The RWE4Decisions initiative can do its part in a multi-stakeholder EU Learning Network for RWE by continuing to bring together policy makers, payers, HTA bodies, regulatory bodies, clinicians, patient groups, industry, and academic experts to share expertise as they try to implement these stakeholder actions. Keeping abreast of initiatives in other groups, piloting new processes with decision makers, discussing implementation challenges, and reflecting on challenges and successes can all contribute to outputs and continuous learning to realize improvements in the use of RWE to inform decisions about highly innovative technologies. This is particularly important for areas where there is high unmet need and where EU cross border collaboration is most needed, in the area of rare diseases.
Conclusions
Highly innovative technologies make a good case study to consider how RWE can be developed through iterative multi-stakeholder dialogues to inform decisions by Payers/HTA bodies. All stakeholders need to be involved, to agree what RWD is needed for what purpose, how it can be collected, when, by whom and how.

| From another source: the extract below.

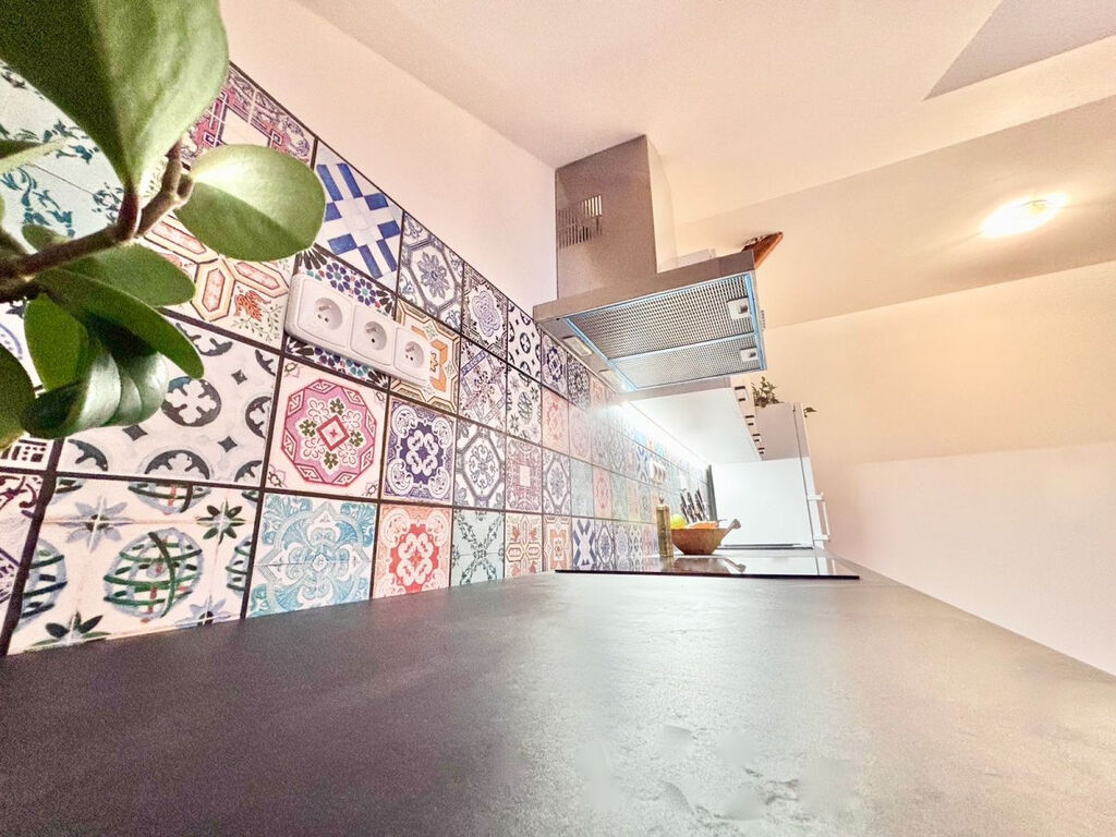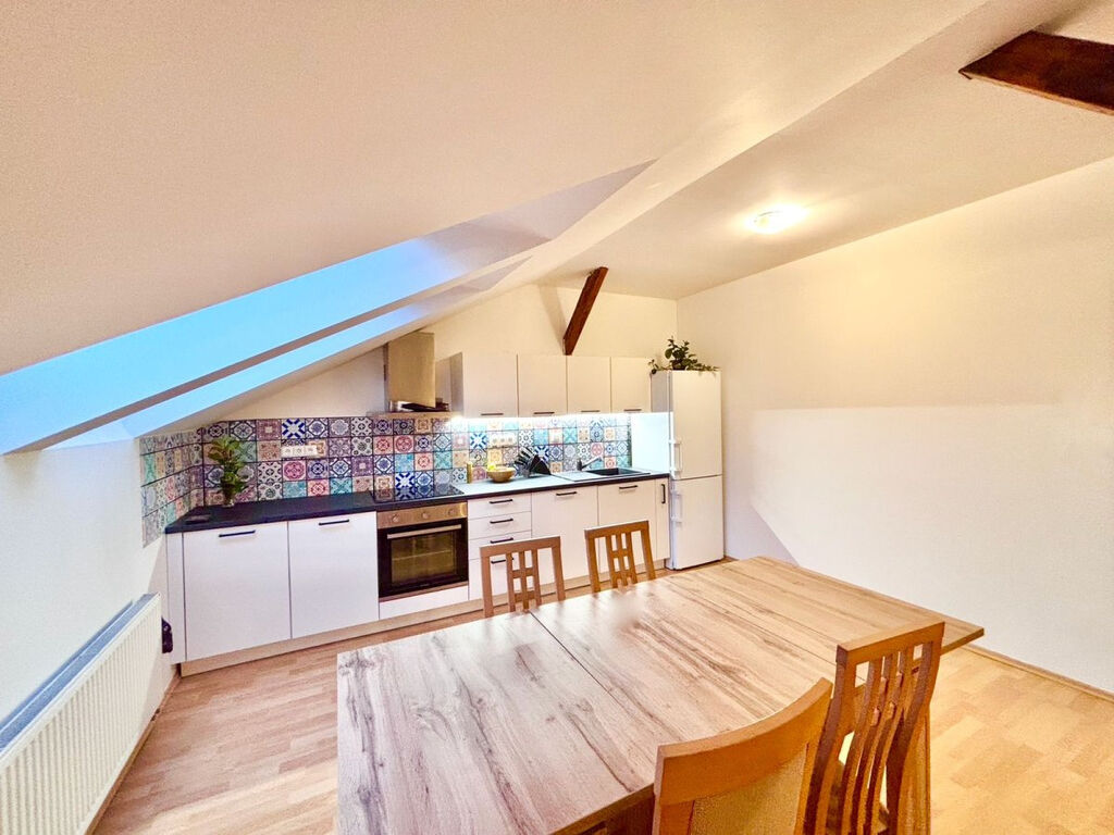 Jedná se o prostorný podkrovní byt. Byt se nabízí částečně vybavený, vybavení zůstává dle fotografií. V obývací části je kuchyňská linka s lednicí, troubou, varnou deskou, myčkou a digestoří, dále jídelní stůl se židlemi. V koupelně je rohová vana a umyvadlo. Toaleta je samostatně. V bytě jsou dvě klimatizační jednotky.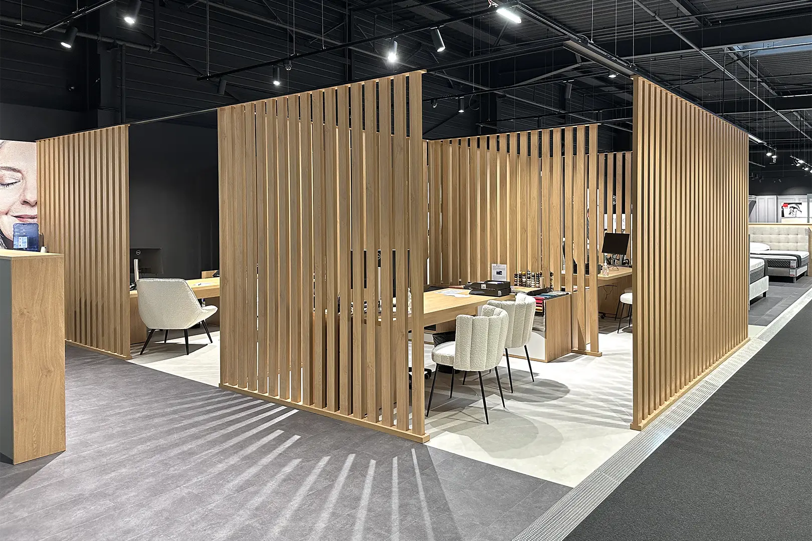 Pour l’arrivée d’Ubaldi en région parisienne, nous avons conçu et fabriqué les bureaux vendeurs de la boutique de Sainte-Geneviève-des-Bois.

This includes considerations of cross-border (cross-health system) HTA/regulatory collaboration to agree RWD requirements and the associated infrastructure, development of data analytics methods for HTA, and transparency in RWE studies akin to that of RCTs. Demonstration projects on highly innovative technologies could realize some of the stakeholder actions presented in this paper, start to deliver some of the outputs, and inform how new processes can be developed. This will provide substantial insights to a wider learning network that could develop systems to support a learning health system, optimization of health technology use, and improvement in patient outcomes through best use of RWD.
Acknowledgments
The following individuals were members of the Review Group that contributed to the exploration of the issues and development of the stakeholder actions presented in this paper: Lieven Annemans, University of Ghent; Simone Boselli, EURORDIS; Simon Butler, Gilead Sciences; Antonella Cardone, European Cancer Patient Coalition; Marc van de Casteele, INAMI; Ivana Cattaneo, Novartis; Mercedes Echauri, Takeda; Marie-Hélène Fandel, Amgen; Ansgar Hebborn, Hoffman La Roche; Frank Hulstaert, Belgian Health Care Knowledge Centre; Kaisa Immonen, European Patients' Forum; Xavier Kurz, EMA; Denis Lacombe, European Organisation for Research and Treatment of Cancer; Amr Makady, formerly Dutch National Healthcare Institute (ZIN); Alexander Natz, European Confederation of Pharmaceutical Entrepreneurs (EUCOPE); Ulla Närhi, Finnish Permanent Representation to the EU; Patrick Neven, UZ Leuven; Aisling O'Leary, National Centre for Pharmacoeconomics (Ireland); Delphine Roulland, formerly EUCOPE; Ad Schuurman, European Medicines Agency; Jennifer Shum, AstraZeneca; Timon Sibma, ZIN; Chris Sotirelis, EMA Patient Expert; Bjørn Oddvar Strøm, Norwegian Medicines Agency; Lonneke Timmers, ZIN; Sheela Upadhyaya, NICE; Entela Xoxi, Catholic University of Rome.
Source of Funding
This work was financially supported by EUCOPE, Amgen, AstraZeneca, Gilead Sciences, Hoffman-La Roche, Takeda, and Novartis which covered the costs of the multi-stakeholder meetings, the work of FIPRA, and KF for workshop facilitation. Some workshop participants received travel expenses. KF undertook other elements, including all consultation and writing activities as part of her work in the EC H2020 IMPACT HTA project (grant number RE8213). PR and JdeC undertook all work independently under the auspices of their employers.
Conflict of interest
Dr. Facey reports personal fees from FIPRA and grants from EC H2020, during the conduct of the study. Ms. Rannanheimo reports no personal grants; Fimea is the national competent authority for regulating pharmaceuticals in Finland and also a partner organization in EUnetHTA. Ms. Batchelor and Ms. Borchardt report grants from Amgen, Gilead Sciences, Astra Zeneca, Novartis, Takeda, Hoffmann-La Roche, and EUCOPE (European Confederation of Pharmaceutical Entrepreneurs), during the conduct of the study. Mr. De Cock has nothing to disclose.